Утром, еще до первых лучей солнца, мы уже тряслись на редакционной полуторке в отбитый у немцев город. Я еще расскажу вам об этой поездке, а пока позвольте вернуться к началу войны.
Как-то возвращаясь из полка противотанковой авиации, тащился я по небольшому леску, на опушке которого стоял редакционный поезд. Внезапно из-за дерева вышел человек, лицо и фигура которого немедля приковали мое внимание. Он был в полувоенной одежде, но весь вид его, как мне показалось, выдавал в нем кадрового офицера.
Над добрыми усталыми глазами, над высоким лбом серебряно светилась еще густая шевелюра.
Если бы даже я не видел десятки раз портреты этого человека в его книгах, я все равно признал бы поэта по чистой белизне волос. Мне тотчас припомнилось стихотворение, в строках которого ясно читались его лицо и характер. Стихи назывались «Седина»:
Мне нравились книги поэта, нравился заочно он сам, вся его долгая и чистая жизнь. Прибавьте к этому то, что я сообщил вам раньше: мартовскую телеграмму из Москвы в Ригу.

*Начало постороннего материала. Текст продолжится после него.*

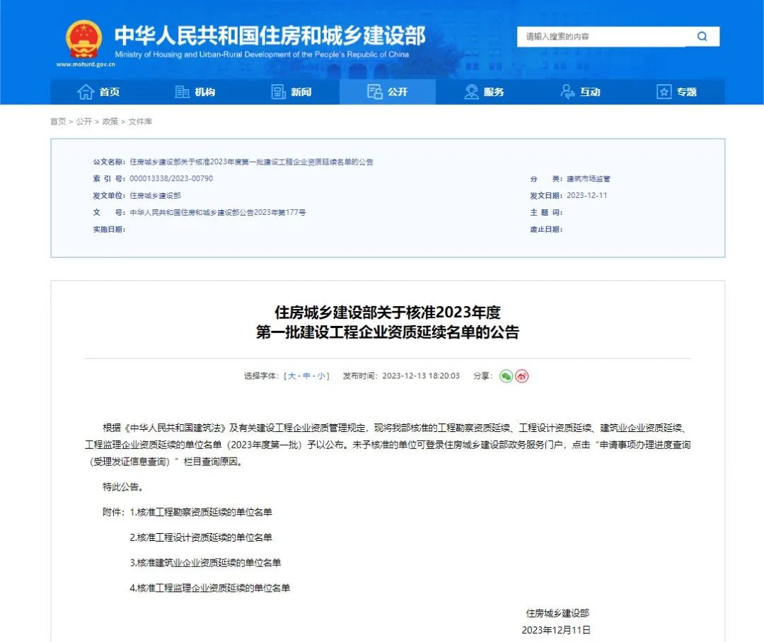 近日,住房城乡建设部公布了2023年度第二批建设工程企业资质延续核准名单,集团子公司湖南警安工程顺利通过建筑装饰工程设计专项甲级资质延续核准。
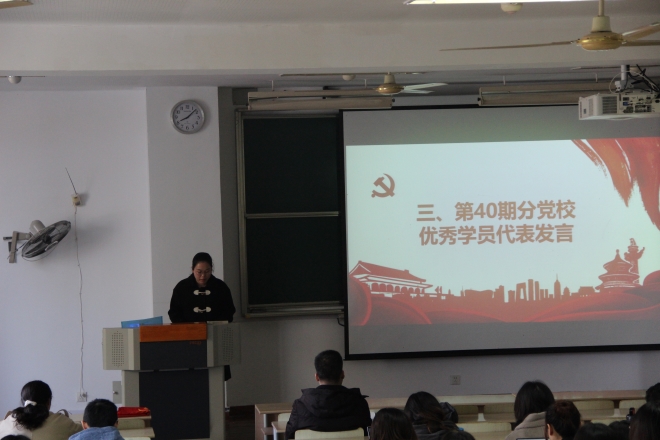 william威廉中文官网18硕的路丽同学作为上一期优秀学员代表发言。在分享了自己参加40期党校培训的感悟和收获之后,她表明中国共产党既有理论的深度,也有实践的厚度,参加此次仪式的同学们应端正入党动机,认真学习理论知识,明确党章意识,提高党性修养,以党员的标准严格要求自己,在思想和行动上积极向党组织靠拢。随后,上期优秀学员代表向本期学员代表授予党旗,全体学员起立,面向党旗郑重宣誓。开班仪式在陆芳老师布置安排本期培训班的任务和具体要求后圆满结束。
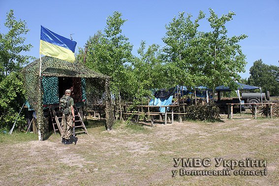 Під відкритим небом правоохоронці облаштували справжнє військове містечко. На його території розбили кілька наметів, неподалік «працює» польова кухня. Є «санвузол», літній душ і навіть… стадіон. А ще тут діють свої правила та чіткий розпорядок дня.
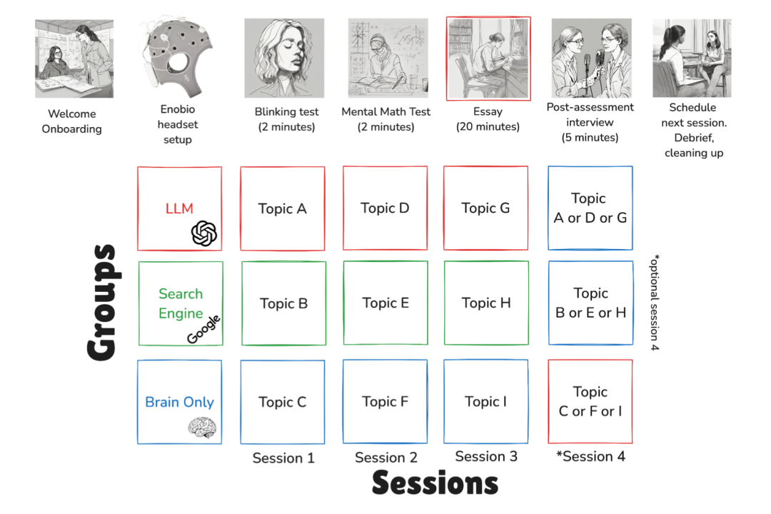 这项研究将54名受试者分为三组进行写作测试:纯人工组仅靠自身知识、搜索引擎组可使用Google、AI辅助组可以使用ChatGPT。
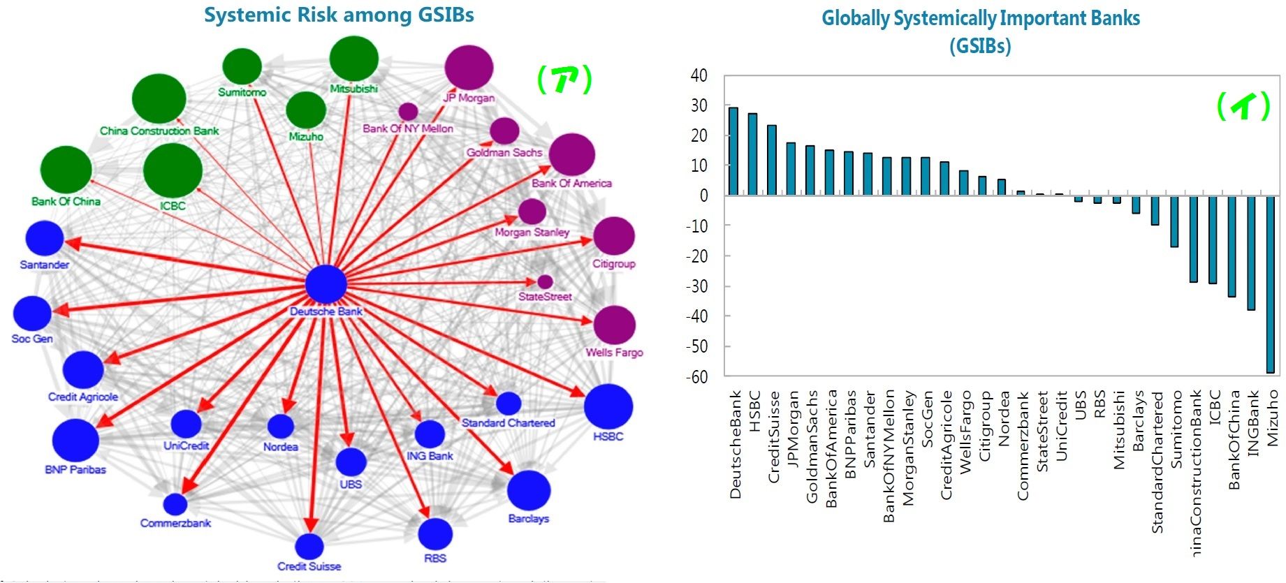 国際金融体制にとって重要な金融機関(G-SIBs)の中でも、ドイツ銀行はシステムリスクの観点から見て最重要な銀行であり、第2位はHSBC、第3位はCredit Suisseである。
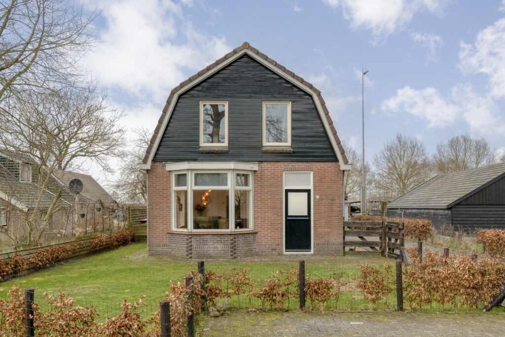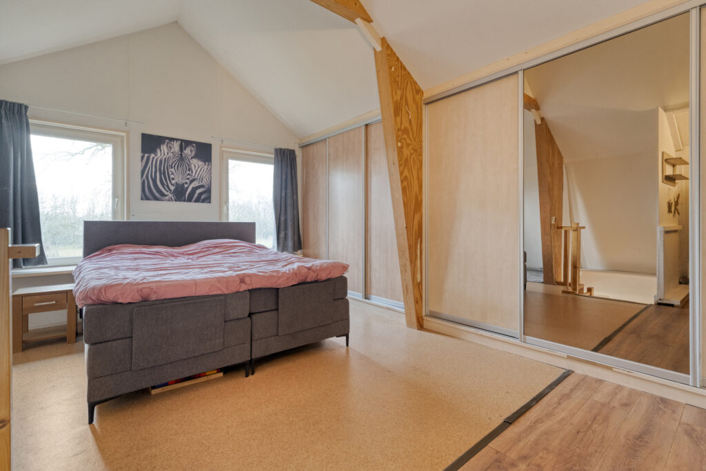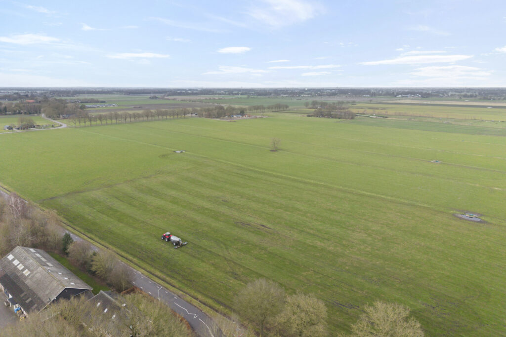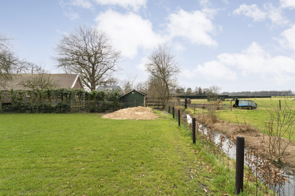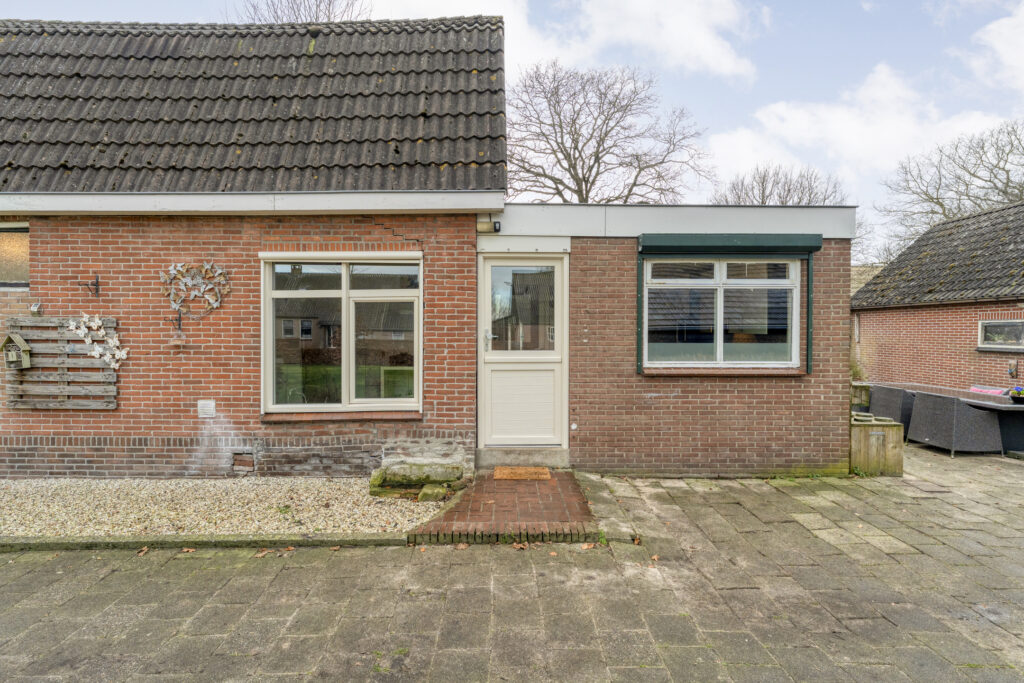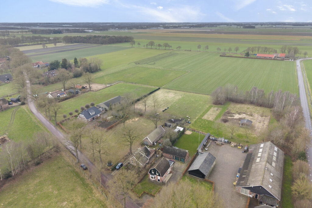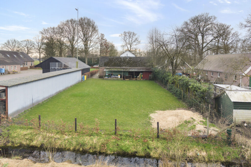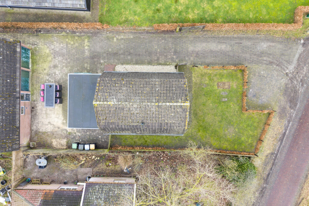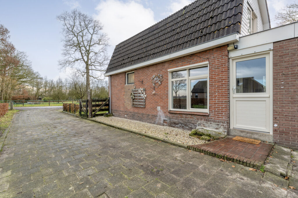 Buiten: aan de voorzijde van de woning ligt een groot gazon welke doorloopt tot langs de woning. Aan de andere zijde naast de woning tref je een lange oprit die naar achteren leidt. Deze oprit biedt volop parkeerruimte voor meerdere auto’s. Direct achter de woning ligt bestrating een er is een praktisch bijgebouw gesitueerd welke is opgedeeld in een garage en berging. Daarachter ligt een royaal gazon vanwaar je uitkijkt op de landerijen achter de woning.

— Ну, вот и довелось нам встретиться, — сказал я поэту. — Здравствуйте, Степан Петрович.
— Здравствуй, — отозвался Щипачев. — Выходит, мы знакомы.
Я назвал свою фамилию.
— Да-да, вспоминаю. Это твои «Ночь перед боем» и «Дальнюю дорогу» мы напечатали в «Октябре». Ну, что ж, я очень рад.
Мы не однажды потом бывали вместе в действующих частях, Степан Петрович приезжал ко мне в армии, и тогда в блиндаже корреспондентского пункта была большая теснота.

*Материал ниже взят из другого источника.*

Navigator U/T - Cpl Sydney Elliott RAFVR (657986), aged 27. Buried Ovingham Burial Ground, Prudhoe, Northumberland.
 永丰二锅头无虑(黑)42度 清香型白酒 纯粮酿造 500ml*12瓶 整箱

Я не стеснялся читать свои литературные опыты этому доброму человеку. Он слушал стихи с уважительным вниманием, ни разу не позволив себе не только перебить младшего репликой, но даже сделать неодобрительное движение взглядом или рукой. Обычно, выслушав меня, Щипачев некоторое время молчал и, лишь обдумав ответ, в деликатной форме высказывал замечания и похвалы. Это всегда было самое существенное, самое главное для автора. И я неизменно говорил своему учителю «спасибо» и обещал подумать и поправить строки.